Upon choice of the age class determining the immunocompetence value IC(age) hence pA and pDC as well as the lymphocyte counts, the simulations depict the immune-virus competition eventually culminating in a successful, or not, virus-clearing response controlling its growth. Sometimes this control is not perfectly efficient. In those cases the result is a longer viral persistence possibly going much beyond the length of the observation period of 30 days (cf. Figure 4).
The sequence of events from viral infection leading to a full fledged immune response is detailed in the Appendix A. At each time step of the simulation C-IMMSIM dumps all variables allowing for a detailed analysis of the dynamics.

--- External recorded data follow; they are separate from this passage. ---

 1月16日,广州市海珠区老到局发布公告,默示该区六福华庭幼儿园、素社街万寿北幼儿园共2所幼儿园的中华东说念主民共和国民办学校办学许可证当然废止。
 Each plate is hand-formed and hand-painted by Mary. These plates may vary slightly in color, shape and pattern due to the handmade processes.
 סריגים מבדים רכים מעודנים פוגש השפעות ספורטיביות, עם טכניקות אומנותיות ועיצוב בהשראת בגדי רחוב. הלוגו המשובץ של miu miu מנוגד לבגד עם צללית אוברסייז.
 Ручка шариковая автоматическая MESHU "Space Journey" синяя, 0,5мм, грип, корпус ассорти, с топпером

A full output example of a simulation is reported and described in the Appendix D.
3 Modeling a representative cohort of infected individuals
We have simulated a large number of infections by varying the parameters identifying both the viral characteristics and the individual immunological competences. The seven age classes considered were 0-9, 10-39, 40-49, 50-59, 60-69, 70-79 and 80+. As already mentioned, the age class determines the immunocompetence parameter IC which, in turn, sets pM and pDC as well as the lymphocytes counts in the in-silico individual, we can characterize each simulation by the set of parameters (IC(ages), V0, pA). Moreover, due to the stochasticity of the model depending on the random number realisations, each simulation corresponds to a different trajectory in the space of the variables. It follows that each simulation coincides with an in-silico patient with variable immunological characteristics (IC) and, at the same time, infected by a slightly different viral burden (V0 and pA).

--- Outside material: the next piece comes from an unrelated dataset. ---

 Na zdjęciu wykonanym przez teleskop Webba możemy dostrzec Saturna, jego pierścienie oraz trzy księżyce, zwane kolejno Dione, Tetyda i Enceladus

The intervals within which these parameters vary have been chosen to reproduce the age-class incidence of disease severity of infected individuals. The age-class incidence varies wildly among regions mostly due to a different definition of COVID-19 related deaths. Moreover, due to the lack of confirmation of the causes of death in many cases in periods of high emergency as that of March/April 2020 in Italy, these rates should not be considered strictly but rather indicative of the negative exponential-like relationship of the death incidence with age. Reference values we used were the fatality rates from the the Chinese Center for Disease Control and Prevention (CDC) as of 17th February, the Spanish Ministry of Health as of 24th March, the Korea Centers for Disease Control and Prevention (KCDC) as of 24th March, and the Italian National Institute of Health, as presented in the paper by Onder et al. (2020) as of 17th March [47], [48].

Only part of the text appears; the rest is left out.